Dr. Hans-Peter Kiem is investigating using bone marrow (stem cell) transplants, with “protected stem cells,” for treating solid tumors, specifically glioblastoma.
“The concept is straightforward,” he says. “We’ve worked in the lab to make [bone marrow] stem cells resistant to chemotherapy. One of the genes we’ve been using makes [bone marrow] stem cells resistant to the key chemotherapies used for glioblastoma (GBM).”
In general, when certain chemotherapy drugs are used, GBM patients become neutropenic and their counts become too low to deliver enough chemotherapy to treat the cancer. The idea from Kiem’s lab is to perform a non-myeloablative bone marrow transplant, give patients stem cells that have been pre-protected with the resistance gene, and then treat the cancer with more doses of chemotherapy than can be used otherwise. Patients become neutropenic, low number of neutrophils (type of white blood cell), for only a couple days and the entire treatment is done on an out-patient basis.
“The patient can then receive more chemotherapy drugs than is typically possible to treat their cancer, which will result in better treatment and survival,” Kiem says.
There have been three patients on this trial already. Two are still on the study and one is now off of the study. “We are continuing chemotherapy longer in these patients than in any other study currently,” Kiem says. After they receive their transplant at SCCA, each patient is sent back to their neuro-oncologist.
“Time will tell if this will result in better outcomes, but we are very happy with results,” he says. “We’ve had very good stem cell engraftment of these chemo-protective cells.”
DNA and targeted therapies
Dr. John Silber, a researcher at the University of Washington, is studying the effects of cancer treatment on DNA and how to go about repairing damaged DNA. Once altered, he says, DNA becomes resistant to further treatment. Silber is also interested in targeting treatment to avoid affecting healthy, non-cancerous cells and looks to scorpion venom and nanotechnology for answers.
“In the last 20 years, we’ve come to understand that DNA repair promotes resistance to radiation and/or drugs with brain tumors,” Dr. Silber says.

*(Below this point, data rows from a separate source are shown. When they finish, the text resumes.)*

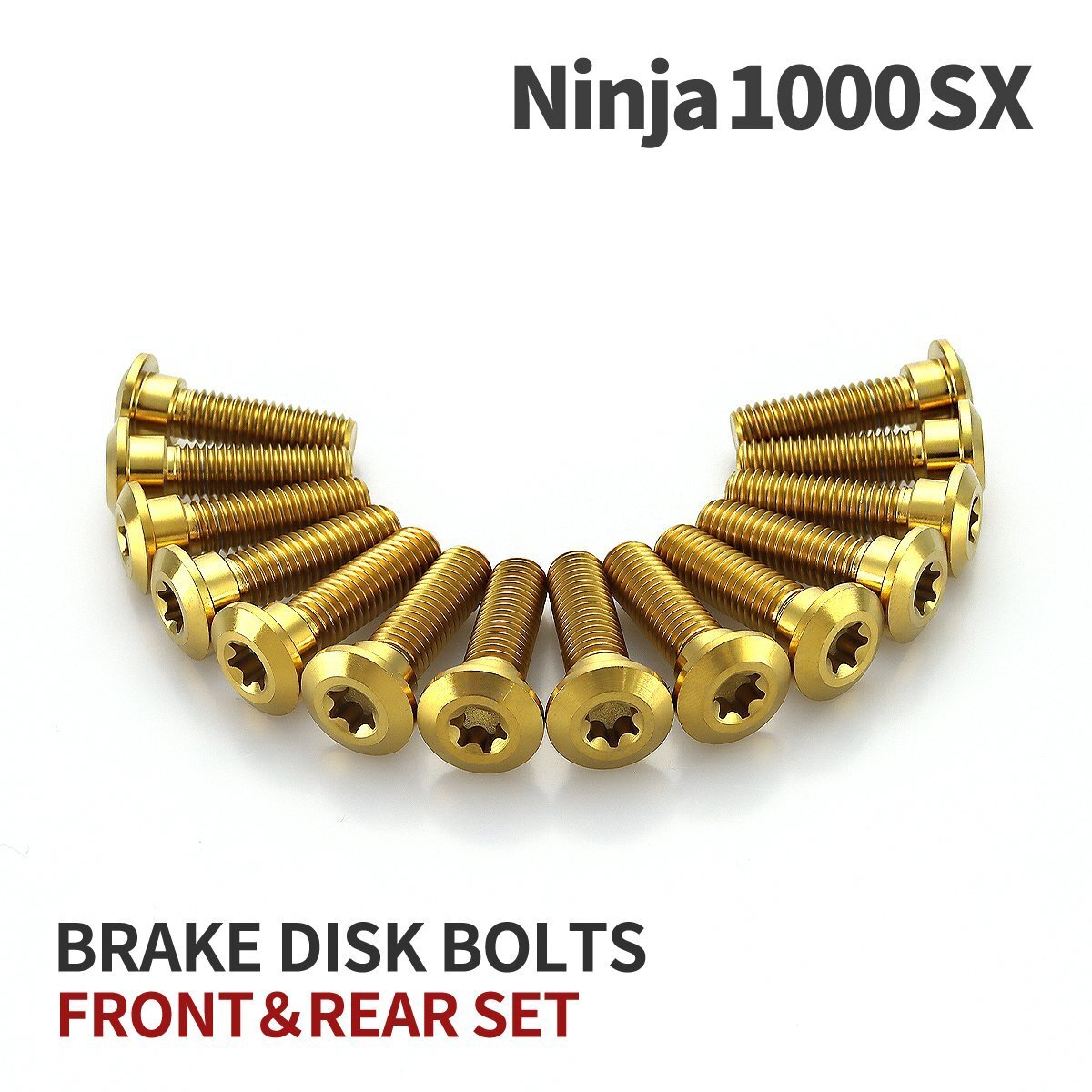 > Ninja1000SX 64チタン ブレーキディスクローター ボルト フロント リア 14本セット M8 P1.25 カワサキ車用 ゴールドカラー JA22103
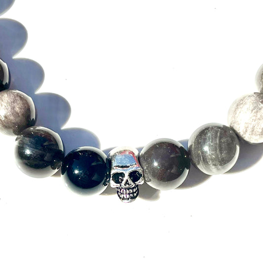 Silver Obsidian and Sterling Silver Skull Bracelet
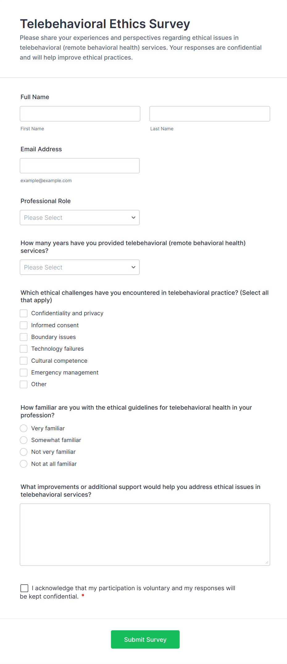 Conduct mental health assessments with this free survey template for businesses, schools, and more. Easy to customize and fill from any device. No coding.
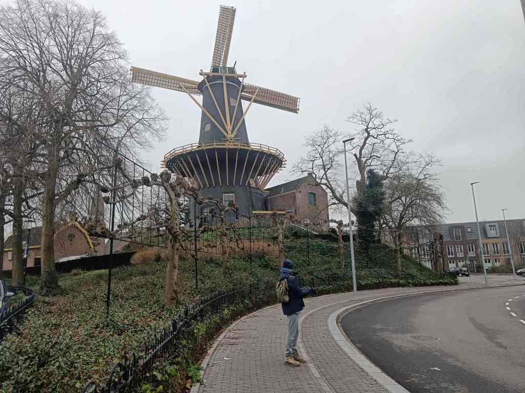Voorbij Molen De Valk komen we in de drukte van de stad. Genoeg horeca om hier een bakkie te drinken. Wij kiezen voor de Bruine Boon. In de buurt van Station Leiden Centraal gaan we onder het viaduct door naar de Rijnsburgerweg. We hebben nog tijd voor een ommetje door het Leidse Hout. Ergens in Oegstgeest pakken we de bus naar Sassenheim.

Chemotherapy drugs and radiation kill cells and alter DNA. “If the DNA isn’t repaired,” he says, “then DNA duplication comes to a halt (thus killing the cancer cell). We are looking at the whole cell and the genes and identifying them. In the lab we measure DNA, and repair new tumors removed in surgery. We follow the clinical course of patients to see how long it takes before a recurrence. Is there any association between DNA repair activity of a cancer cell to the time of recurrence?” Silber asks. There are at least 100 ways a tumor can be resistant to treatment. Silber says they have a long way to go to find the answer because they’ll need to measure thousands of tumors.
But there is one drug now being used that is showing promise today called Temozolomide. Given in low doses before radiotherapy, this drug seems to improve patient outcomes because Temozolomide interrupts DNA replication.

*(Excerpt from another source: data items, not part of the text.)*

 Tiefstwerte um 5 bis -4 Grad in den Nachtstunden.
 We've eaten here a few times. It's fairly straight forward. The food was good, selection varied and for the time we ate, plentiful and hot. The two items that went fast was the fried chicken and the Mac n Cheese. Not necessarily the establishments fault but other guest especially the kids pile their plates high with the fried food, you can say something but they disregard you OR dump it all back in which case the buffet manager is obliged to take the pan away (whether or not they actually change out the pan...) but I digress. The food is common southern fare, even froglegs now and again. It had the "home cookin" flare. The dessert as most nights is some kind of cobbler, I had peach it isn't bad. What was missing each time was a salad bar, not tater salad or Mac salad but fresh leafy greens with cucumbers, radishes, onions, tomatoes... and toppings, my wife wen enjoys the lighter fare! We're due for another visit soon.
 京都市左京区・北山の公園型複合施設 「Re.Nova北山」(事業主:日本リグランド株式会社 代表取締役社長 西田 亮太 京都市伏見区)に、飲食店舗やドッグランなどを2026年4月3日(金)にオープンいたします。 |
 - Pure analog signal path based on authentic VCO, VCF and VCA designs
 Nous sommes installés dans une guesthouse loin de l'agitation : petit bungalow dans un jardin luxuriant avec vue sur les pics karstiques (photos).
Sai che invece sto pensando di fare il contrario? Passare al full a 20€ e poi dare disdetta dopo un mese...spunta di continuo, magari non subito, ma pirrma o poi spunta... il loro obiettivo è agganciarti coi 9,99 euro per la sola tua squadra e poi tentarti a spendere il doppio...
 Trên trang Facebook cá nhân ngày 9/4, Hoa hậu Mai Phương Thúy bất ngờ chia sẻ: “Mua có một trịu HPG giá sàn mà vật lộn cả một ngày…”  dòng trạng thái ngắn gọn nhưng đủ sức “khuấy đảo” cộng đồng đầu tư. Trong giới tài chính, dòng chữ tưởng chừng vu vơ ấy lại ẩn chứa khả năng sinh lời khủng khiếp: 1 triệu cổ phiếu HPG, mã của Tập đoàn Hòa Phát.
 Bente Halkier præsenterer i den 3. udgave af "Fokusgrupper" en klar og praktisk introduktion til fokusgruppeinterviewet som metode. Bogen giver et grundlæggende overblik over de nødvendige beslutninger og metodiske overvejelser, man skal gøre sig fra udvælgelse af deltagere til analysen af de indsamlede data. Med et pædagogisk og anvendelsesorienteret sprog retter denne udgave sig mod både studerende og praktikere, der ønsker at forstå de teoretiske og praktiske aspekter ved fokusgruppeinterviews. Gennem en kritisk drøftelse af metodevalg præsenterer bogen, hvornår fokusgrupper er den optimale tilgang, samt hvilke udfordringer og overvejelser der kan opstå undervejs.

“It takes hours to recover. Radiation damages DNA with free radicals the drug enhances radiosensitivity,” Silber says. “What’s the mechanism of action? How does this work at a molecular level? And, why does the drug and radiation therapy together work better than alone? We know we can increase tumor response two-fold. Why? What’s the common theme?” Silber is working to find that answer, too.
But he’s also interested in getting more treatment into tumors instead of healthy cells. One way to target treatment may be using scorpion venom molecules because they can identify brain tumor glioblastoma cells. Another answer may be nanotechnology. There are nano particles that have been developed that cross the blood-brain barrier in animal models. Nanotechnology can help get drugs like Temozolomide to brain tumors over the blood-brain barrier.
We will move to Proof-of-Purpose experiments and then animal studies eventually,” Silber says, though it will be quite a while before it’s ready for use in humans.
From bench to bedside, these physician researchers are working to put new medical discoveries into action to eventually become tomorrow’s treatment for patients.